This question already has an answer here:
Well, I had a question about comma in ternary operator. Cut the crap, the code is below:
void test_comma_in_condition(void)
{
int ia, ib, ic;
ia = ib = ic = 0;
bool condition=true;
cout<<"Original:"<<endl;
cout<<"ia: "<<ia<<endl;
cout<<"ib: "<<ib<<endl;
condition?(ia=1, ib=2):(ia=11, ib=12);
cout<<"After:"<<endl;
cout<<"ia: "<<ia<<endl;
cout<<"ib: "<<ib<<endl;
ia = ib = ic = 0;
condition?ia=1, ib=2, ic=3:ib=22,ia=21, ic=23;
cout<<"The operation must be bracketed, or you'll see..."<<endl;
cout<<"ia: "<<ia<<endl;
cout<<"ib: "<<ib<<endl;
cout<<"ic: "<<ic<<endl;
condition?ia=1, ib=2, ic=3:ia=21, ib=22, ic=23;
cout<<"The operation must be bracketed, or you'll see..."<<endl;
cout<<"ia: "<<ia<<endl;
cout<<"ib: "<<ib<<endl;
cout<<"ic: "<<ic<<endl;
return;
}
The output will be like:
Original:
ia: 0
ib: 0
After:
ia: 1
ib: 2
The operation must be bracketed, or you'll see...
ia: 21
ib: 2
ic: 23
The operation must be bracketed, or you'll see...
ia: 1
ib: 22
ic: 23
Is this legal?
This is a matter of operator precedence. Your expression:
condition?ia=1, ib=2, ic=3:ib=22,ia=21, ic=23;
is understood by the compiler as:
(condition?(ia=1, ib=2, ic=3):(ib=22)),ia=21, ic=23;
At this point you should be able to see why you get the program output.
Yes, the relevant grammar for a conditional expression is:
logical-or-expression ? expression : assignment-expression
for assignment expressions (which can also be a conditional-expression or a throw-expression):
logical-or-expression assignment-operator assignment-expression
and for an expression with a comma operator (an assignment-expression can also be an expression):
expression , assignment-expression
This means that the construct a ? b : c, d
cannot be parsed as equivalent to a ? b : (c, d)
because c, d
is not an assignment-expression but must be parsed as equivalent to (a ? b : c), d
.
There is no undefined behaviour in condition ? ia=1,ib=2,ic=3 : ia=21, ib=22, ic=23;
because evaluation of condition
is sequenced before the evaluation of either the second or third operands of ?:
and in every sub-expression containing a comma operator the evaluation of the first operand of the comma operator is sequenced before the evaluation of the second operand.

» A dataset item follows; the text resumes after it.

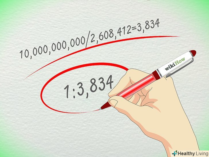 Розрахунок ймовірності. розділіть знаменник на чисельник. У нашому випадку ми ділимо 10000000000 на 2.608.412. Ми отримуємо 3884. Це означає, що у вас один шанс з 3834 на отримання виграшного квитка.

It's legal, but stupid not very useful to write code like that.
The code
condition?ia=1, ib=2, ic=3:ia=21, ib=22, ic=23;
is equivalent to
condition?(ia=1, ib=2, ic=3):ia=21;
ib=22;
ic=23;
just harder to read.
The problem is that the comma operator has the lowest precedence there is. Thanks to that, the else
part of the conditional operator is just the first assignment, after that the comma operator kicks in and the other two statements will be executed just aswell.